Lynn Johannson, Advisor, Sustainability and ESG
January 4th, 2024
Global News | Jordan Press | Jan 3, 2022
Internal government documents show Finance Department officials believe there could be sweeping implications for the economy if the Bank of Canada ever issued its own cryptocurrency.
The Bank of Canada has spent years looking at whether to introduce a digital currency, but so far hasn’t seen an immediate need to issue one.
In one briefing note from last January, officials warned Finance Minister Chrystia Freeland that the issuance of a central bank digital currency would entail “wide-reaching implications for the economy, the financial system” and the Bank of Canada’s operations.
Large swaths of the documents obtained by The Canadian Press under the access-to-information law have been blacked out because the department says they contain sensitive government information.
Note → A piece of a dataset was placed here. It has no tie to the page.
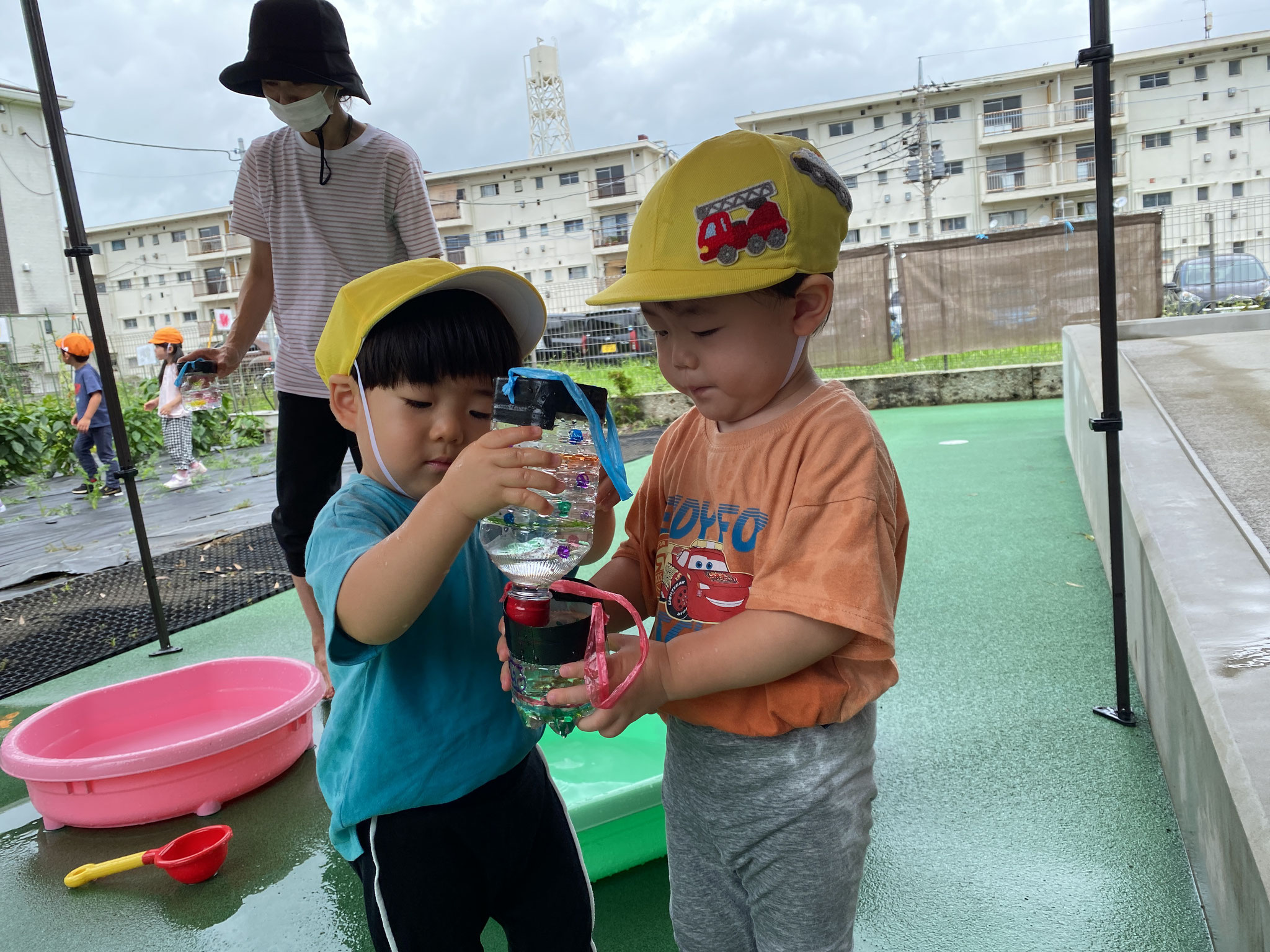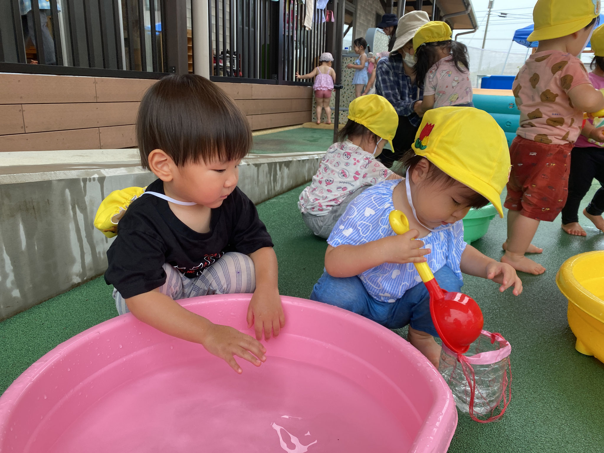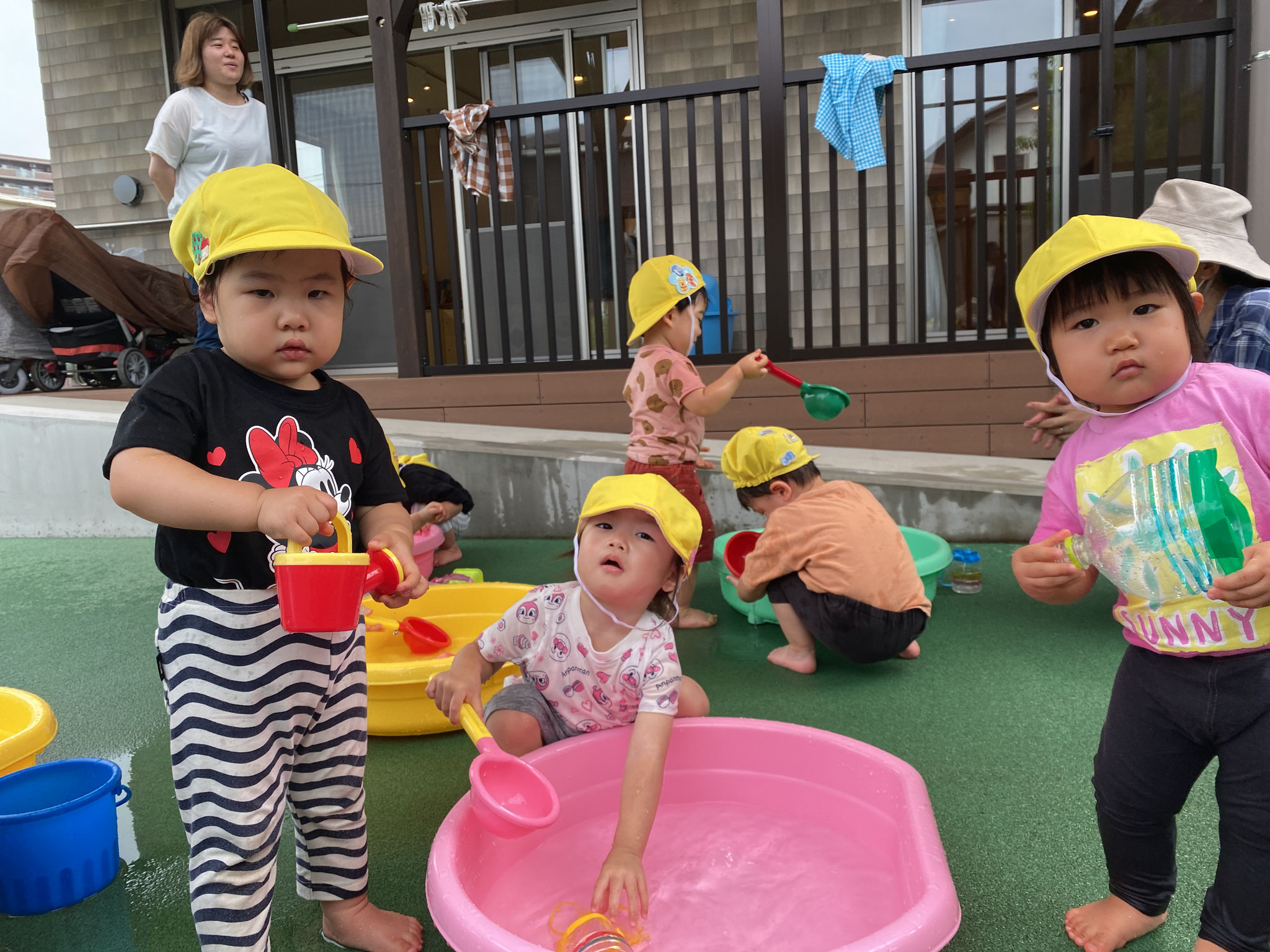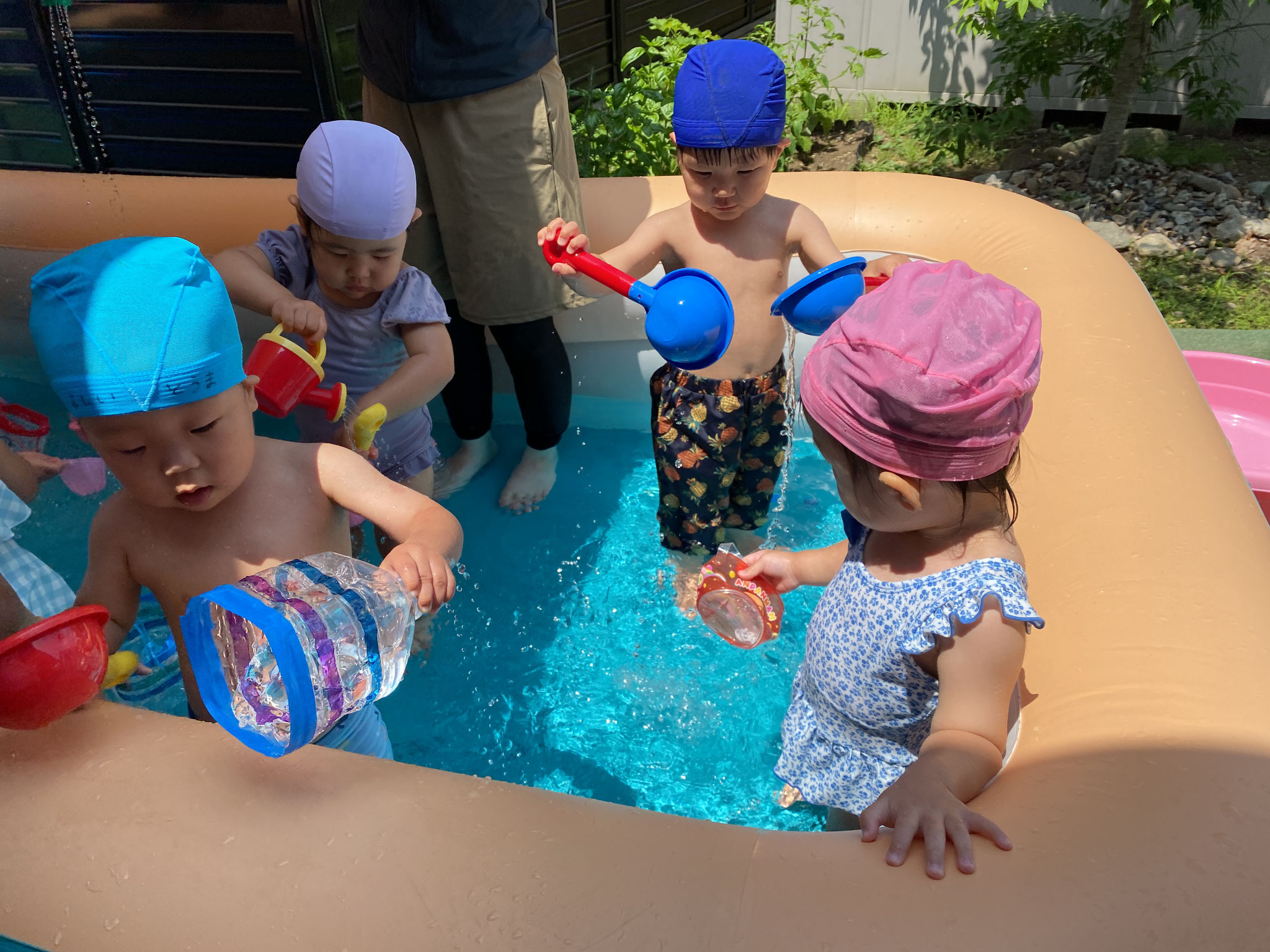 22日 8月 2025 こねこ組便り 今回は、こねこ組からです。 プールが始まって2ヶ月が経ち、 日に日に水に慣れ 遊び方もダイナミックに。 スコップに水を入れ、 みんなでかけ合う姿も 見られます。 水遊びの終盤では、 水が溜まった地面を ピチャピチャ歩いて、 水の感触を楽しんでいました。 (柴田) tagPlaceholderカテゴリ:

But what remains suggests some federal concerns about a central bank digital currency, with departments wanting to provide more input before a decision is made.
The bank only plans to issue a digital currency if the use of physical bills for transactions plummets and one or more private cryptocurrencies, such as Bitcoin, become widely used in Canada.
The government and central bank have paid more attention to planned stablecoins whose value is less volatile, as the name implies, and are backed by cash and government securities.
The use in Canada of private cryptocurrencies tied to the American dollar would strain the Bank of Canada’s ability to manage monetary policy for the benefit of the country, said Jeremy Kronick, associate director of research at the C.D. Howe Institute.
He said the bank needs to incentivize private cryptocurrencies to use the Canadian dollar as a backing.
“The government could quash this thing in a second. The government could just say, ‘forget it, you can’t transact in Canada,”’ said Kronick, who recently co-authored a paper about the merits of a Bank of Canada digital currency. I don’t think they want to because there are benefits to the private cryptos that people like, but we want to also maintain that public good function. To do that, I think the (central bank digital currency) is the way to go."